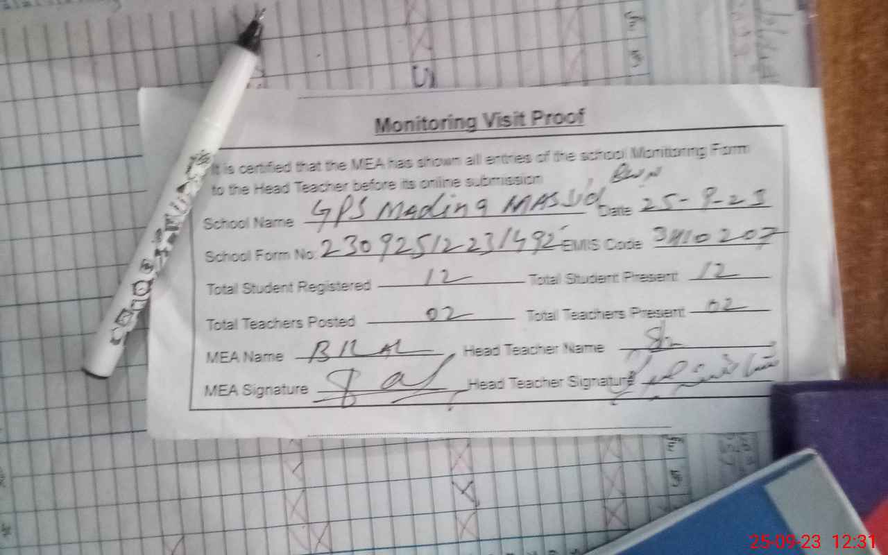 | Attendance Register | Head Teacher | MEA with School | Visit Proof |
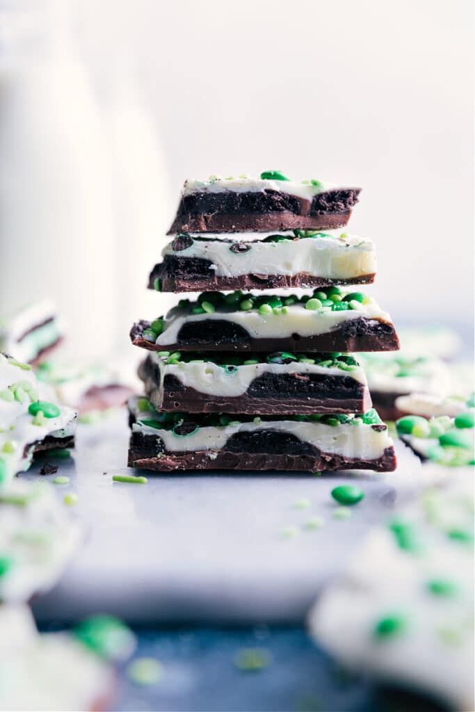 Only three essential ingredients in this Mint Chocolate Bark! This bark starts with a milk chocolate base and is topped with Mint Oreo® cookies or Grasshopper® cookies then covered in white chocolate. Add some festive sprinkles and miniature M&Ms if desired. Looking for some more fun St. Patrick's Day treats? Here's a compilation of 4 […]
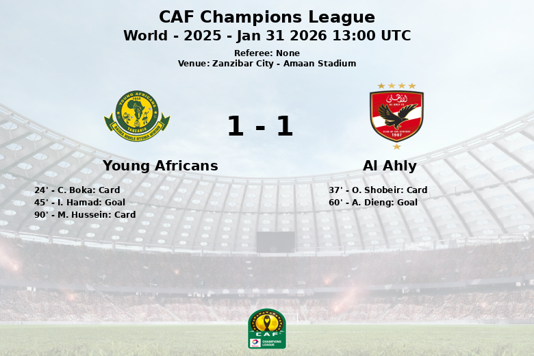Zanzibar City testemunhou um encontro disputado entre o Young Africans e o Al Ahly, culminando em um empate de 1-1 no Amaan Stadium. A partida, correspondente à quarta rodada da fase de grupos da Liga dos Campeões da CAF, foi caracterizada pela intensidade e disputa no meio-campo.

◆ Problem statement:
Your answer should consist solely of the lines from the line with "Only three essential" to the final line of the listing, set down word for word, pictures omitted.

◆ Task output:
 Only three essential ingredients in this Mint Chocolate Bark! This bark starts with a milk chocolate base and is topped with Mint Oreo® cookies or Grasshopper® cookies then covered in white chocolate. Add some festive sprinkles and miniature M&Ms if desired. Looking for some more fun St. Patrick's Day treats? Here's a compilation of 4 […]
Zanzibar City testemunhou um encontro disputado entre o Young Africans e o Al Ahly, culminando em um empate de 1-1 no Amaan Stadium. A partida, correspondente à quarta rodada da fase de grupos da Liga dos Campeões da CAF, foi caracterizada pela intensidade e disputa no meio-campo.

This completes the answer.